LaBre: Law makes family presumptions

Published 4:15 pm Thursday, December 13, 2012

LaBre on Law

By Robert W. LaBre, J.D.

Special to Leader Publications

She sat across my desk, looking both nervous and depressed. Her daughter’s three children were taken by DHS on an emergency petition and placed into foster care. The petition suggested domestic violence in the home, along with substance abuse and financial instability.

It’s a Michigan case, none of the children have Indian heritage, and the father, who also lived in the home, signed an affidavit of paternity.

“What is it you want me to do?” I asked.

“My grandchildren are in foster care; I want them placed with me instead,” she said.

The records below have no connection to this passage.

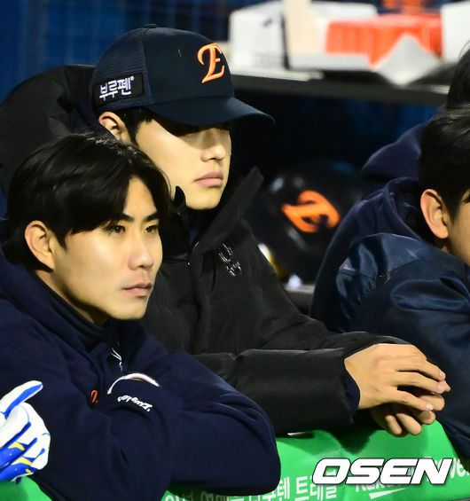 27일 오후 서울 잠실야구장에서 2025 신한 SOL Bank KBO리그 포스트시즌 한국시리즈 2차전 LG 트윈스와 한화 이글스의 경기가 열렸다. LG는 임찬규, 한화는 류현진을 선발 투수로 내세웠다. 한화 문동주가 경기를 지켜보고 있다. 2025.10.27 /jpnews@osen.co.kr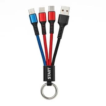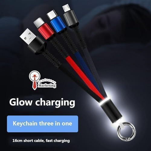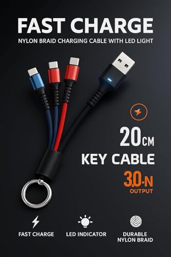 Generic - وصلة شحن 3 في 1 ميني سلسلة مفاتيح ST-165 - كابل Type-C و Lightning و Micro USB بطول 20 سم - شحن 3.1 امبير ونايلون مضفر مع إضاءة LED - 3-in-1 Keychain Cable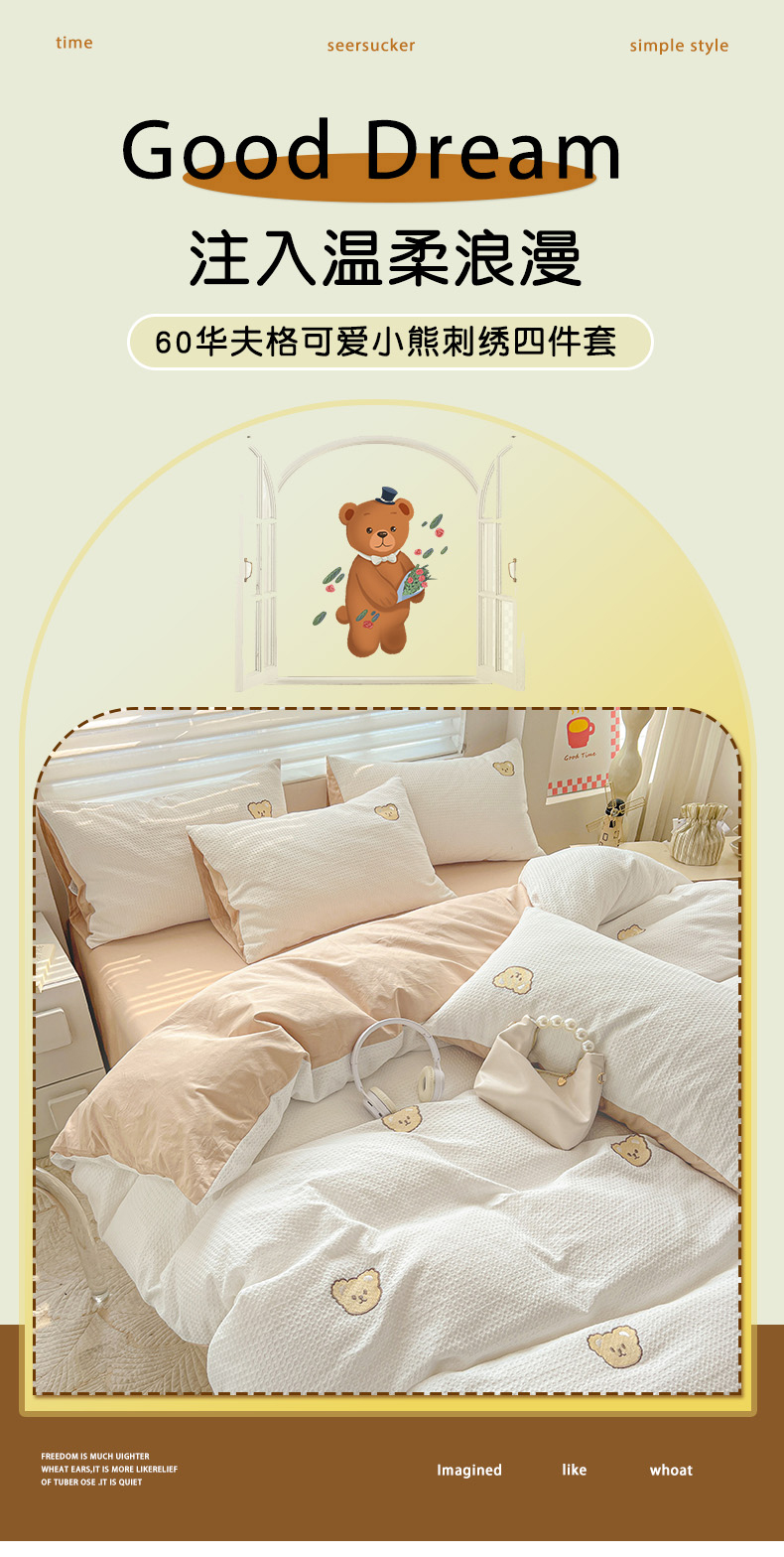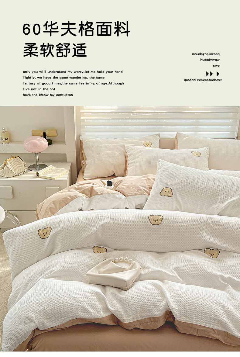 当前位置: 91家纺网 > 商品网购 > 床品套件 > 四件套 > 全棉普通四件套 > 静家居 2025新款全棉纯棉华夫格北欧小熊刺绣四件套系列-风格一 北欧小熊-白咖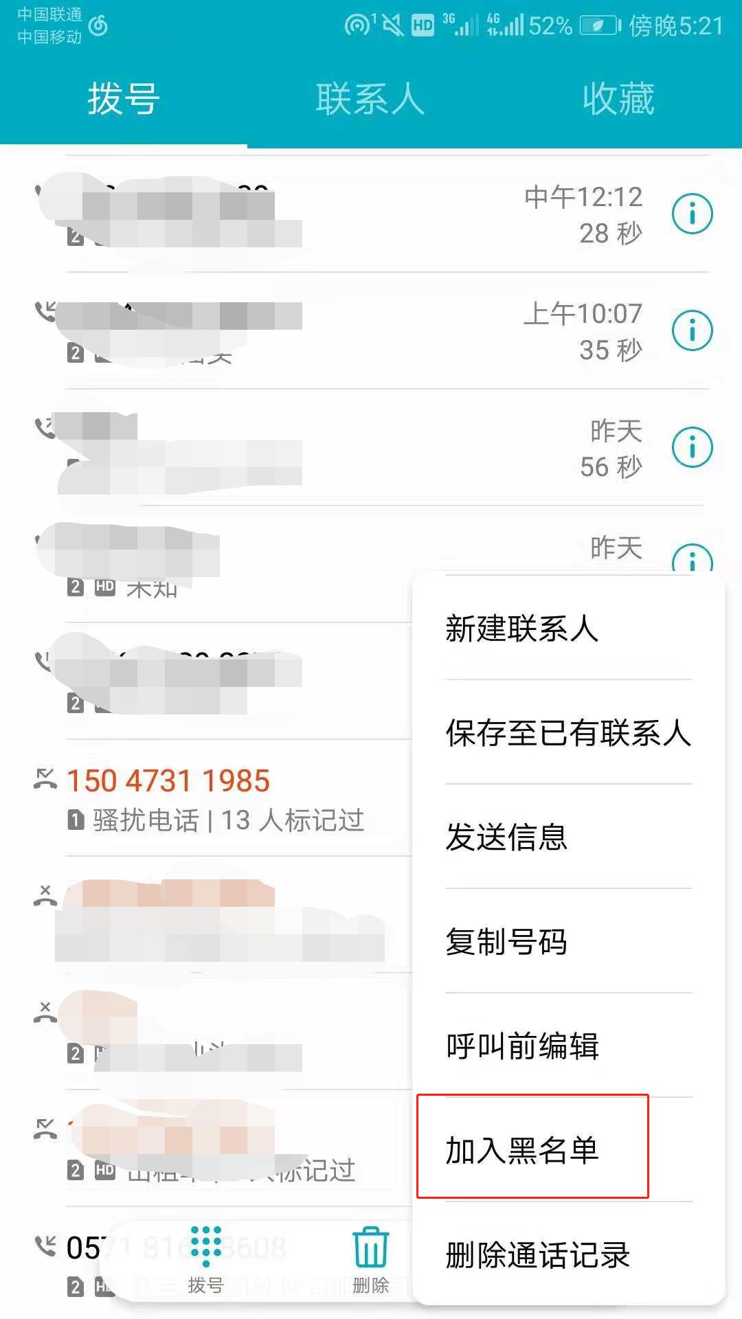 3、就会自动跳出一个选择框,下拉这个选择框,找到“加入黑名单”这个选项并点击就自动那该联系人加入了黑名单。

“Do you live in Michigan?” I asked.

“Yes,” she said.

“Have you talked with the caseworker about this issue?” I asked.

Failure to report

“She said that she didn’t think the children would be placed with me,” she said. “I don’t understand; I’ve been around those children all their lives: babysitting and caring for them regularly!”

“What did the caseworker say?” I asked.

“She told me it’s because I didn’t report the problems,” she said.

“Failure to report known child abuse or neglect to the DHS is a form of neglect in itself,” I said. “That suggests the problems in the home were blatantly affecting the children.”

“That’s preposterous!” she exclaimed. “Those two may have argued, but I never saw any drugs in the house or bruising on my daughter or the children. Otherwise, I would have done something.”

Though she spoke persuasively, her facial expressions and body language were limp; I couldn’t read her veracity with any comfort.

“The law creates a presumption favoring placement of the children with family members who are willing and fit to care for them,” I replied. “The key word in that statement, however, is ‘fit.’ And the presumption in your favor is easily rebutted, especially in situations like this, where uncertainty looms around every corner.”

“Well, I want to hire you to represent me,” she said. “I want my grandchildren!”

“I’m sorry, but that’s not possible,” I replied. “As a relative of the children, not the parent, you have no standing to make an appearance in this case.”

“Are you telling me that there’s nothing I can do!?” she cried.

“Not exactly,” I said. “First, you need to wait for a definite reply from DHS. Sometimes, it takes DHS as long as 30 days before they make a decision regarding placement. But if they decide to place the children in foster care, then I’m telling you that the only people who can argue to have the children placed with you or any other relative are the parents.

“Let me ask you this: Are there any other family members who can take care of the children?”

“Yes, we have a large family,” she said. “Why?”

“Having the children placed with a family member makes a tremendous impact on the case,” I replied. “Let’s assume that instead of going to trial your daughter pleads no contest to the allegations against her, and she’s required to undergo services. If she’s determined to have inadequately complied with the required service plan and the children are in foster care, her parental rights will typically be terminated.

“Termination of parental rights is no small affair. The parental bond is legally severed, and the children are put up for adoption. That means you would no longer have the ability to see them as a grandparent. And if parental rights are terminated with one child, the DHS can move to take other children out of the home under the theory of anticipatory neglect. That means if your daughter gives birth to another child in the future, even after this case is closed, DHS could still come and take that newborn. In addition, unless the court says otherwise, a parent’s obligation to pay child support isn’t vitiated simply because parental rights have been terminated, support must still be paid.

Family is better

“But assume the same scenario except the children are placed with a family member at the time DHS moves for termination. Now, the court is required to set up a guardianship instead, with the family member who has the children as the guardian.

“This allows the parents to potentially get their act together at some point in the future. Visitation is still intact for all parties involved. DHS would be prevented from bringing an anticipatory neglect theory against your daughter, if she has anymore children. And finally, through my eyes, the children involved will have the benefit of being raised by blood, not water.”

“Let’s start making some phone calls,” she said.